Maximum likelihood estimation. Due to the discrete nature of the data at the individual level (diameters of a small number of BMs at discrete time points), a direct comparison between the size distribution \(\rho \) solution of the problem (3) was not possible. Instead, we compared the data to the model by means of the cumulative size distribution. Denoting by tj the observation times, \({x}_{j}^{i}\) the sorted BM sizes at time tj and \({y}_{j}^{i}\) the number of metastases larger than size \({x}_{j}^{i}\) at time tj, we considered the following nonlinear regression problem:

$${y}_{j}^{i}=f({t}_{j},{x}_{j}^{i};\theta )+\sigma {\varepsilon }_{j}^{i},\,{\varepsilon }_{j}^{i}\sim {\mathscr{N}}(0,1),$$

where \(\theta =({\alpha }_{0,p},{\beta }_{p},{\alpha }_{0},\beta ,\mu ,\gamma ,{t}_{0},\tau )\) regroups all the parameters of the model. Note that, except for the “secondary dissemination” model, all models can be viewed as submodels of a general model including all these parameters (the “basic model” consisting of the case \({\alpha }_{0,p}={\alpha }_{0},{\beta }_{p}=\beta ,{t}_{0}=0\) and \(\tau =0\), for instance). Classical maximum likelihood estimation then leads to the following estimate:

$$\begin{array}{c}SSE(\theta )=\sum _{i,j}\,{({y}_{j}^{i}-f({t}_{j},{x}_{j}^{i};\theta ))}^{2}\\ \hat{\theta }=\mathop{{\rm{argmin}}}\limits_{\theta }\,l(\theta ).\end{array}$$
(7)

Parameters identifiability.

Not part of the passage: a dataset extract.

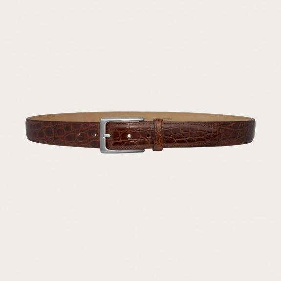 Cintura uomo in vero coccodrillo realizzata col fianco, la parte più pregiata. Sorprendente e facile da abbinare nel marrone legno, tinta calda che valorizza la pelle, e rifinita con i migliori materiali per fodera e fibbia.

Standard errors can be computed from this statistics’ covariance matrix, given by80:

$$Cov=\hat{\sigma }{(J{(\hat{\theta })}^{T}J(\hat{\theta }))}^{-1},$$

where \(J(\hat{\theta })\) is the jacobian matrix of the model (with respect to the parameter vector θ) at all time points and all sizes, evaluated at the optimal parameter \(\hat{\theta }\) and \(\hat{\sigma }\) is the a posteriori estimate of σ given by

$$\hat{\sigma }=\frac{1}{N-P}l(\hat{\theta })$$

with N the total number of data points and P the number of free parameters.

Using the standard errors as an identifiability metric, we repeatedly observed a lack of identifiability of parameters μ and γ when fitted together. Indeed, standard errors for μ and γ were larger than 200% when fitting the basic model to the data. Further investigation of the shape of the objective function confirmed this lack of idenfiability (Fig. S7). To address this issue, we only considered a finite set of relevant possible values for γ and only optimized the value of μ. These values were \((0,0.4,0.5,\frac{2}{3},1)\) and corresponding initial conditions for μ were \(({10}^{-3},{10}^{-5},{10}^{-8},{10}^{-9},{10}^{-12})\). When more parameters were let free in the model (delay td or dormancy period \(\tau \)), we generated 4 × 4 parameters grids for initial conditions (with \({t}_{d}\in \{0,500,1700,2000\}\) or \(\tau \in \{0,50,100,350\}\)). Of these 16 optimization problems, the one with the minimal value of l at convergence was selected.